The most common symptoms of Zika virus are fever, rash, joint pain, or conjunctivitis (red eyes). Symptoms typically begin two to seven days after being bitten by an infected mosquito. It can also be transmitted from a pregnant mother to her baby during pregnancy or around the time of birth. We do not know how often Zika is transmitted from mother to baby during pregnancy or around the time of birth.

In May 2015, the Pan American Health Organization (PAHO) issued an alert regarding the first confirmed Zika virus infection in Brazil. The outbreak in Brazil led to reports of Guillain-Barre syndrome and pregnant women giving birth to babies with birth defects and poor pregnancy outcomes. Zika virus infections have been documented in the Caribbean, Central and South American, and African countries.

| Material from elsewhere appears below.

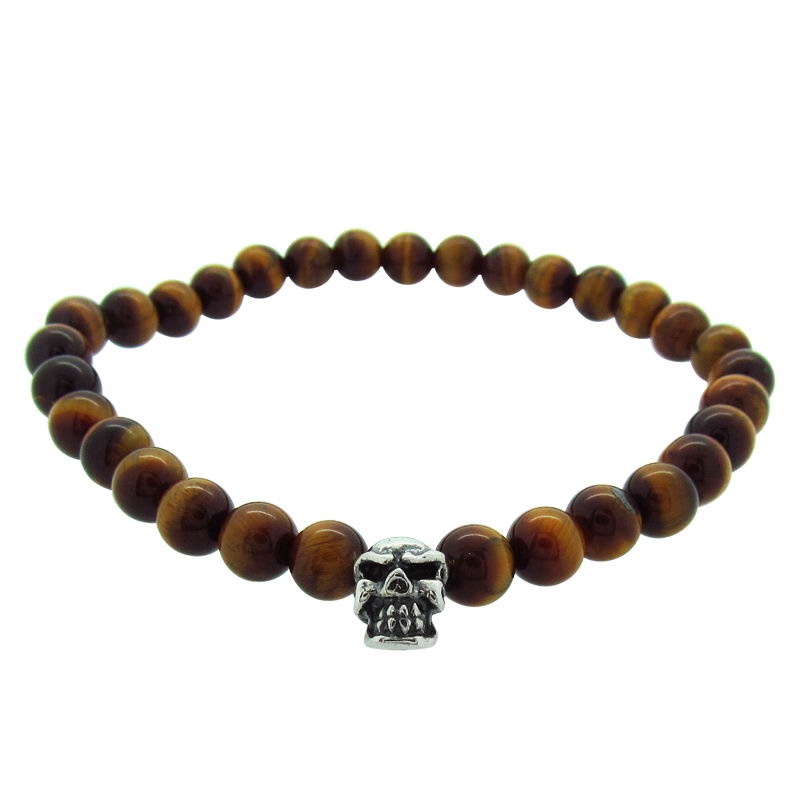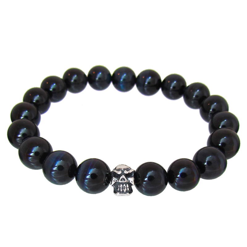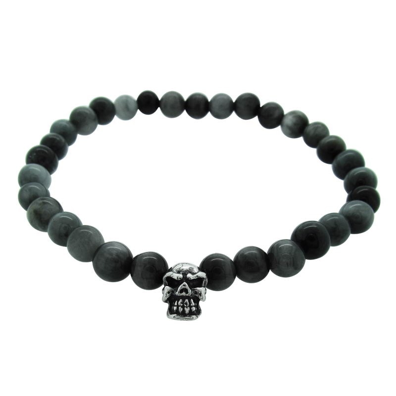STONE WITH LIL’G SKULL BEAD BRACELET (6mm EAGLE EYE)

Those who recently traveled or plan to travel to areas where Zika transmission is ongoing, including, but not limited to, Brazil, Colombia, Venezuela, Barbados, the Dominican Republic, Haiti, Puerto Rico, Costa Rica, U.S. Virgin Islands, Jamaica, Mexico, Guatemala, El Salvador, Honduras, and Panama could be at risk. Click here for the latest Centers for Disease Control and Prevention (CDC) list of countries.

Potential for Birth Defects

While Zika generally presents as a mild illness, there have been reports of serious birth defects to infants whose mother contracted the virus while pregnant. Microcephaly, a condition in which a baby’s head is smaller than expected when compared to babies of the same sex and age, and other poor pregnancy outcomes in babies of mothers are now linked to the virus.